Archive | 2019
Compressed Multiple Pattern Matching
Abstract
Given $d$ strings over the alphabet $\\{0,1,\\ldots,\\sigma{-}1\\}$, the classical Aho--Corasick data structure allows us to find all $occ$ occurrences of the strings in any text $T$ in $O(|T| + occ)$ time using $O(m\\log m)$ bits of space, where $m$ is the number of edges in the trie containing the strings. Fix any constant $\\varepsilon \\in (0, 2)$. We describe a compressed solution for the problem that, provided $\\sigma \\le m^\\delta$ for a constant $\\delta < 1$, works in $O(|T| \\frac{1}{\\varepsilon} \\log\\frac{1}{\\varepsilon} + occ)$ time, which is $O(|T| + occ)$ since $\\varepsilon$ is constant, and occupies $mH_k + 1.443 m + \\varepsilon m + O(d\\log\\frac{m}{d})$ bits of space, for all $0 \\le k \\le \\max\\{0,\\alpha\\log_\\sigma m - 2\\}$ simultaneously, where $\\alpha \\in (0,1)$ is an arbitrary constant and $H_k$ is the $k$th-order empirical entropy of the trie. Hence, we reduce the $3.443m$ term in the space bounds of previously best succinct solutions to $(1.443 + \\varepsilon)m$, thus solving an open problem posed by Belazzougui.
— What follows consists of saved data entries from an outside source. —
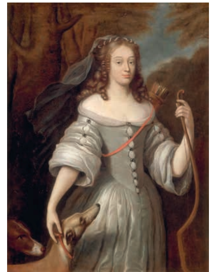
Клод Лефевр. Портрет Луизы-Франсуазы де Ла Бом Ле Блан, герцогини де Лавальер в образе Дианы. 1667. Холст, масло. Национальный музей Версаля и Трианонов

Это интересно: Многие виды завязывания галстуков появились случайно, например галстук лавальер, модный при дворе Людовика XIV, появился благодаря фаворитке короля Луизе-Франсуазе де Ла Бом Ле Блан, герцогине де Лавальер и де Вожур (1644–1710). Считается, что именно она завязала белый шейный платок с кружевом красивым бантом. А вот галстук а-ля стейнкерк вошел в моду после сражения при Стейнкерке. В 1684 году французским солдатам, поднятым ночью по боевой тревоге, было не до правильного завязывания шейных шарфов, и они просто обмотали их вокруг шеи, а концы скрутили вместе и зафиксировали в петлице камзола.
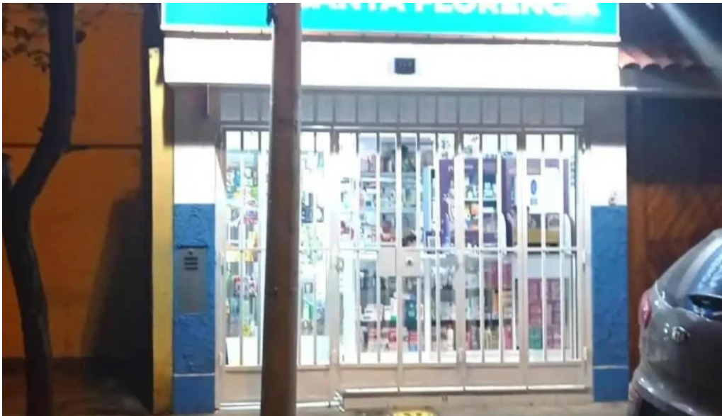
Farmacia santa florencia descuentos
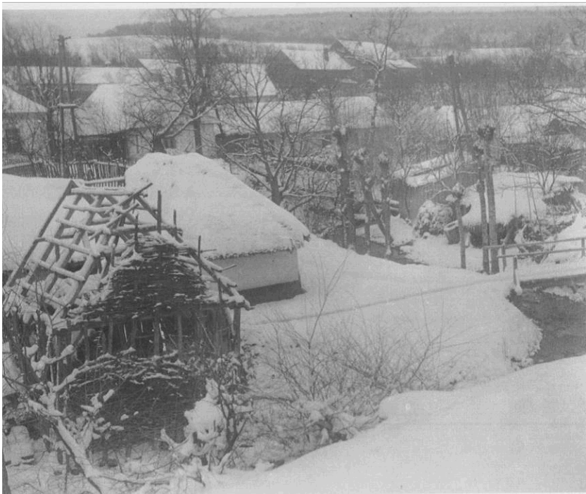
Fotografie domu č. p. 135 a seníku v Boršicích u Blatnice z archivu p. Víta Hrabala. (Autor fotografie: K. O. Hrubý, r. 1952-53).

Jak je vidět na těchto pár fotografiích, lidová architektura začala nejvíce mizet od 50. let 20. stol., posléze pak v dalších vlnách, zejména v 60. - 70. letech 20.stol. V těchto letech můžeme ještě vidět mnohé doznívající formy lidového domu, můžeme se zde setkat ještě s valbovou střechou a doškovou krytinou, kterou dnes známe buď z muzeí v přírodě nebo v některých případech ojediněle u chráněných nemovitých kulturních památek. Vše ostatní zůstává v paměti a na fotografiích, které se nám Dochovaly. Území Moravského Slovenska (Slovácka) bylo a je do značné míry dokumentováno, proto můžeme vycházet i z těchto Dochovaných relevantních zdrojů.
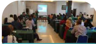
9 Feb Product Worskhop Plant Catalyst di Hotel Kailani Inn Medan
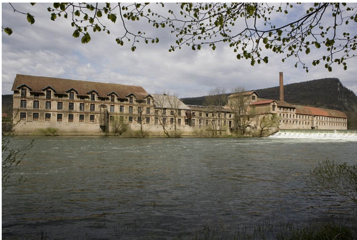
Usine de papeterie Outhenin-Chalandre à Deluz.
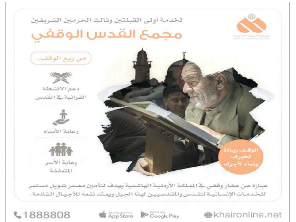
مجمع القدس الوقفي لخدمة أولى القبلتين وثالث الحرمين الشريفين

وتابع العنجري أن إطلاق هذا المشروع جاء استشعاراً من جمعية الرحمة العالمية بحجم التحديات الخطيرة التي يتعرض لها المسجد الأقصى المبارك التي يترقب حبه في قلب كل مسلم باعتباره أولى القبلتين وثالث المساجد التي تشد إليها الرحال. ونظراً لما تتعرض له مدينة القدس من محاولات متواصلة ومكررة لتقسيمها هويتها الإسلامية، وإجبار سكانها العرب على مغادرتها، من خلال هدم بيوتهم، نتيجة الغرامات المالية التي
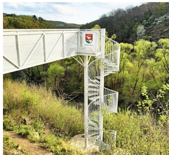
Myšľianska vyhládka láka návštevníkov k nám
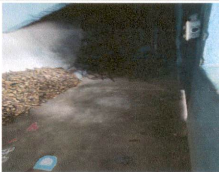
Foto 5: El salón de clases que se utilizaba para primero B, actualmente sin uso, por falta de maestros, tiene el piso en mal estado por lo que se le colocará piso de duela cerámica.
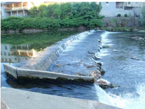
Seuil de Pont de Beauvoisin et la passe à canoë

Contacts : Club de Canoë-Kayak de Chambéry-Le Bourget du Lac (04-79-26-13-51).
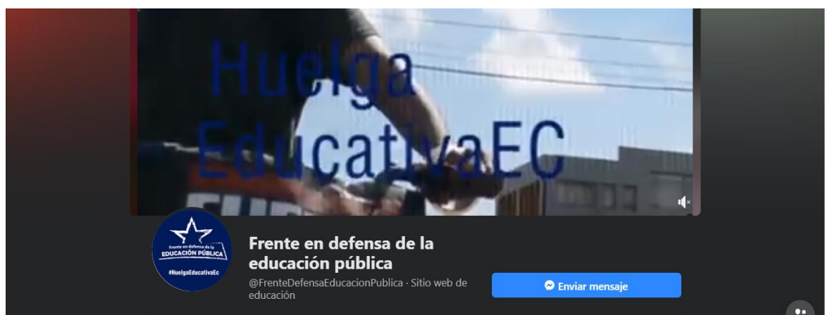
Gráfico 3. Protesta por reducción de presupuesto de las Universidades Estatales- Frente en Defensa de la Educación Pública

El frente de defensa de la educación surge como una necesidad de la comunidad educativa del país de contar con un espacio orgánico. Político y de acción que posibilite expresar y ejercer el libre derecho a resistir y enfrentar la Ley de Apoyo Humanitaria

Further, we notice that $L = \\log\\binom{\\sigma (m+1)}{m} - O(\\log(\\sigma m))$ is a worst-case space lower bound for any solution of the problem and, for $d = o(m)$ and constant $\\varepsilon$, our approach allows to achieve $L + \\varepsilon m$ bits of space, which gives an evidence that, for $d = o(m)$, the space of our data structure is theoretically optimal up to the $\\varepsilon m$ additive term and it is hardly possible to eliminate the term $1.443m$. In addition, we refine the space analysis of previous works by proposing a more appropriate definition for $H_k$. We also simplify the construction for practice adapting the fixed block compression boosting technique, then implement our data structure, and conduct a number of experiments showing that it is comparable to the state of the art in terms of time and is superior in space.